More information about the DPDK DSA driver could be found at: http://doc.dpdk.org/guides/dmadevs/idxd.html.

Note Current DPDK with Intel DSA driver supports only dedicated work queues (DWQ) and not shared work queues.

After configuring the Intel DSA device through accel-config/binding to userspace driver like vfio-pci, you can also use the "dmafwd" sample app in DPDK to validate its performance. Assuming DPDK libraries are already built, build the dmadfwd sample app and then run:

cd $DPDK_BUILD_DIR;
meson configure -Dexamples=dma
ninja
./examples/dpdk-dma -l <core_list> <traffic source> -- -i 1 -s 2048 -c hw -p 0x1 -q 1

where the traffic source can be a NIC port/pcap device/null device etc.

For more information about the app, see the Sample Application User Guide.

Note Since dmadev library supports telemetry, you can get the Intel DSA device info and statistics using the telemetry interface when used by a DPDK app. For more information, see Querying Device Statistics.

Code Availability

DPDK

The DPDK repo is located at: https://github.com/istokes/dpdk/tree/dma-tracking

Once cloned, ensure you are on the branch: dma-tracking:

cd dpdk
git checkout dma-tracking

Build DPDK as usual as there are no build options/changes required to enable DSA.

Open vSwitch (OvS)

Locate and clone the OvS repository.

Once cloned, ensure you are on the branch dpdk-dma-tracking:

cd ovs
git checkout dpdk-dma-tracking

Build OvS as usual as there are no build options or changes required to enable Intel DSA.

Note The DPDK vhost and dmadev APIs used in OvS for this feature are currently marked experimental.

Enable Intel DSA in OvS with DPDK

Intel DSA can be enabled in OvS using the following command:

ovs-vsctl --no-wait set Open_vSwitch . other_config:vhost-async-support=true

Issuing this requires ovs-vswitchd daemon to be restarted.
The default value is false.
It is required to have Intel DMA devices visible to DPDK before OvS launch either by binding them to the userspace driver like vfio-pci or through other facilities as mentioned in the DPDK driver documentation.
The current assignment model is one DPDK dmadev device per data plane thread in OvS. If no Intel DMA device is found for that thread, it will fall back to perform CPU copy, but may impact performance. Hence, users are recommended to ensure there are enough Intel DMA devices available before launching OvS.
The NUMA-aware assignment of dmadev devices to data plane threads is automatically handled by iterating over the available dmadev devices (based on dmadev-id) and assumes there is only one vchannel supported per device.
For more information on the dmadev design/architecture, see the DPDK documentation.

Performance Tuning

CPU Copy Optimization for Small Packets

Intel DSA copy is observed to be better performant for large packets compared to CPU, but for small packets, the cost of creating the descriptor and awaiting the completion is significant compared to the time to do the copy on the CPU. This can lead to scenarios where small copies are faster when performed on the CPU. So, you can get the best of both modes if Intel DSA is used for large packets and CPU for small packets while preserving the packet ordering.

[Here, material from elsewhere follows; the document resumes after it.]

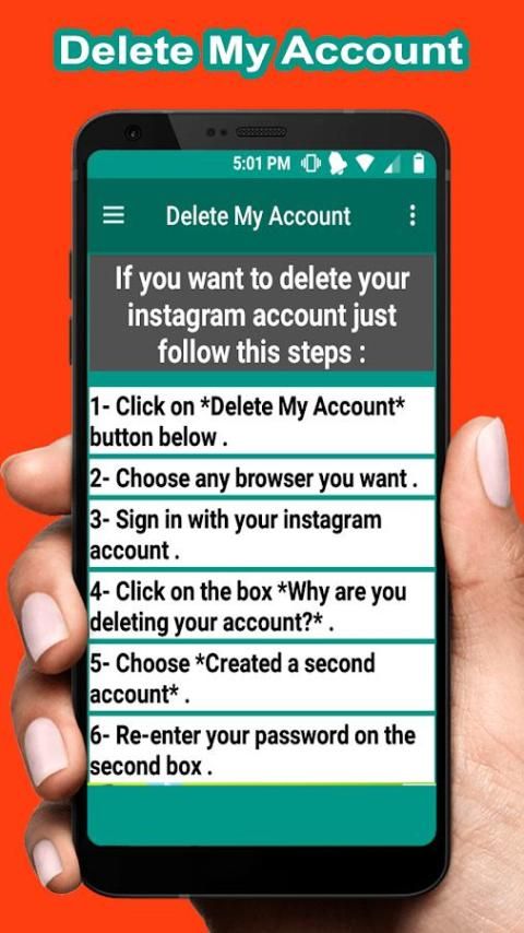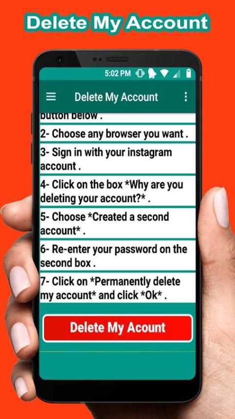 Sekarang Anda dapat menghapus akun Anda instagram atau facebook atau 12 situs lebih dan aplikasi dengan mengikuti langkah-langkah pada aplikasi kami Hapus Akun Saya

Hence, you have the flexibility to choose a threshold (in bytes) at runtime beyond which packets must be offloaded to dmadev by the vHost library using the below command:

ovs-appctl netdev-dpdk/set-vhost-async-thresh <threshold_size>

The default threshold size is set to 128 bytes.

Similarly, you can also fetch the current threshold set using the command:

ovs-appctl netdev-dpdk/get-vhost-async-thresh

VFIO-PCI or Kernel Intel DSA Driver

Based on our experiments, for Intel DSA 1.0 on 4th gen Intel Xeon processors, it is recommended to use vfio-pci driver-bound Intel DSA devices over the kernel Intel DSA driver-bound devices for this workload.

Intel® Advanced Vector Extensions 512 (Intel® AVX-512)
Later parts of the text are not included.